Ibrahim Attahiru psc(+) GSS CMH ndc (K) FCMH NAM (10 August 1966 – 21 May 2021) was a Nigerian army lieutenant general who served as the Chief of Army Staff from 28 January 2021 to 21 May 2021 when he died in the 2021 NAF Beechcraft B300 King Air 350i crash near Kaduna International Airport.

==Early life and education==
Attahiru was born on 10 August 1966 in Doka, Kaduna North Local Government Area, Kaduna State. He was a member of 35 regular course and graduate of the prestigious Nigerian Defence Academy, Armed Forces Command and Staff College, and Nigerian Army School of Infantry. He commenced officer cadet training in January 1984 and was commissioned as a Second Lieutenant in December 1986 as an Infantry Officer. He held a master's degree in Strategic Management and Policy Studies from the Nigerian Defence Academy. He also attained a Masters of Science in Human Resources Management and Development from Salford University in the United Kingdom and a Graduate Diploma in International Studies from the University of Nairobi.

==Military career==
He had a tour of duty with the United Nations in Sierra Leone as a Military Observer, where he facilitated the British Army's Operation Barras in September 2000. He was an operations officer for ECOMOG Operations in Liberia.

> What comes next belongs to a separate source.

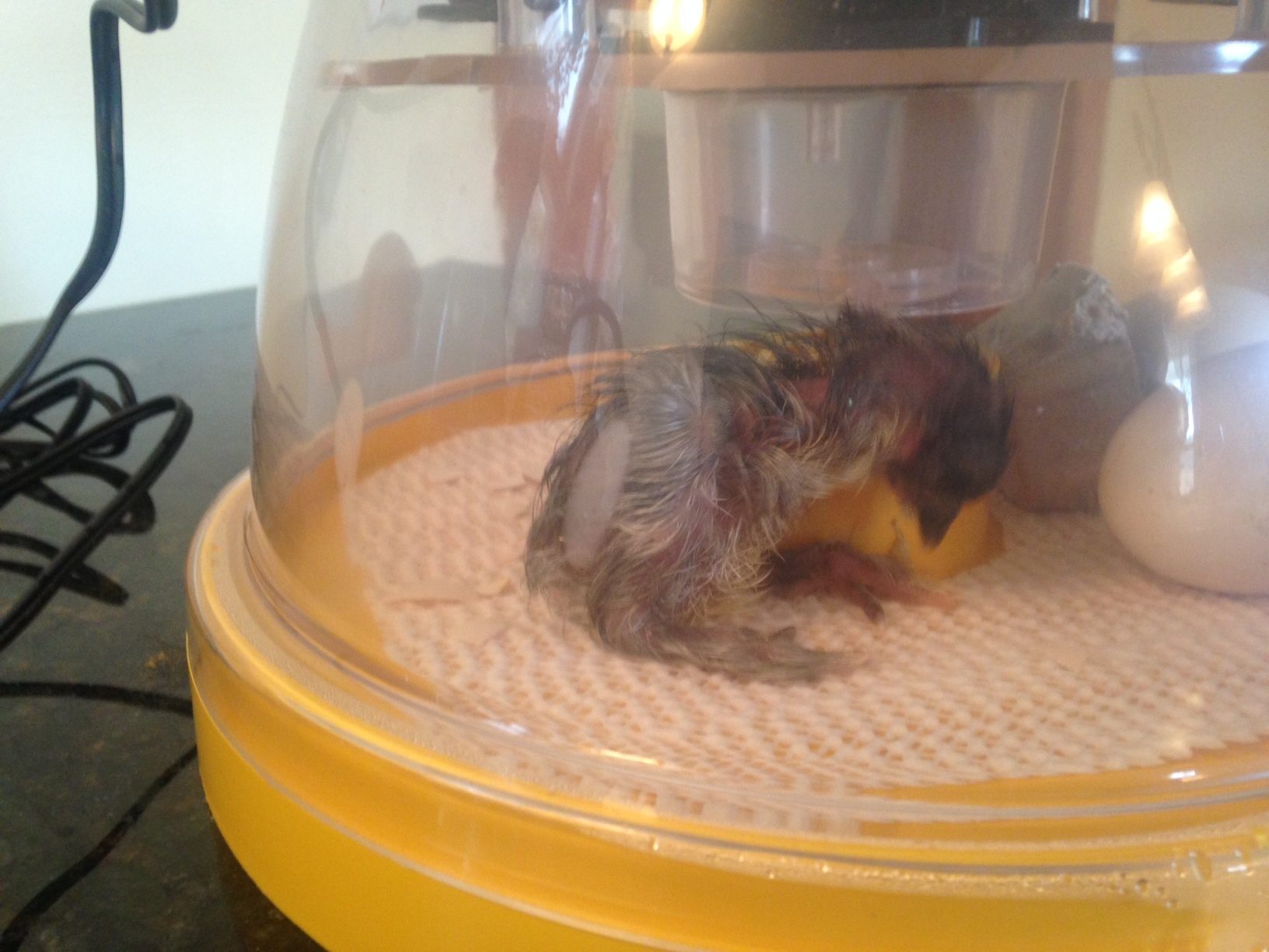 Now he is just drying in the incubator. Running laps around my mini. Toppled over the one egg I had in a carton and hugging both eggs that are with him. Peeping up a storm. I don't any of the peeping is coming from the other eggs yet.

As a staff officer, he was Chief of Defence Transformation and Innovation and Chief of Defence Logistics at Defence Headquarters Abuja. In that position, he worked with the Defence Logistics Agency on enhancing the operational readiness in the Armed Forces of Nigeria. He was an Instructor at the Nigerian Defence Academy and the Nigerian Army School of Infantry. He was later a directing staff and Chief Instructor at the Armed Forces Command and Staff College, Jaji – Kaduna.

He was at the National Defence College in Kenya for the National Defence Management and Security Studies Course and at the Chinese People's Liberation Army Special Forces Academy Shijiazhuang-Hubei Province, China for the Basic and Advanced Special/Operations Commando Forces Courses. He undertook leadership and security policy course at the prestigious Kennedy School of Government, Harvard University USA, Graduate School of Media and Communication, Agha Khan University of Nairobi, Bournemouth University Disaster Management Center, and the Geneva Centre for Security Policy.

==Death==

On the evening of 21 May 2021 Attahiru was traveling on a Nigerian Air Force Beechcraft King Air 350 on an official visit to Kaduna, where he was to attend the Passing out Parade of 80RRI in Depot Nigerian Army on 22 May 2021. During the journey the plane crashed, killing Attahiru and all ten other people on board.

==Awards and recommendations==
The General was a highly decorated officer with UNAMSIL Medal, ECOMOG Medal, Forces Service Star, Meritorious Service Star, Distinguish Service Star, Grand Service Star, Corp Medal of Honour, Command medal, Field Command Medal, and Field Command Medal of Honour.